Understanding Partial Disability
By far, the most common question injured workers have is what kind of benefits are available under the Workers’ Compensation system if an injury prevents a return to their former job. In many people’s minds, if they cannot return to their usual type of work, they are disabled. To understand the concept of a partial disability under the Workers’ Comp law, an injured worker must first understand the goal of system. The primary purpose of the Workers’ Comp law is to pay weekly benefits to an employee injured on the job, if he/she is losing earnings because of the injury. That is why Workers’ Comp is referred to as a “wage replacement system”.
Wages are the measure of a disability, not the severity of an injury nor how much pain and suffering the person has undergone. This is very difficult for many people to accept because their injuries may be significant and cause considerable physical and/or mental pain.

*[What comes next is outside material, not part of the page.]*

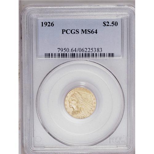 <B>1926<$2 1/2> MS64 PCGS.</B></I> This caramel-colored near-Gem features unbroken mint shimmer, and only a few faint slide marks on the upper reverse define the grade. Crisply struck and attractive.

To put it bluntly, low wages earners usually will receive less than high wagers for the same injury when it comes to cash benefits. The right to medical treatment is the same for all injured workers.
If an injury prevents a worker from returning to his/her prior job, the question then becomes how much income is being lost. For example, John was a carpenter who fell off a roof and injured his hand. As a result, he can no longer lift heavy weights, and this prevents him from returning to his former line of work.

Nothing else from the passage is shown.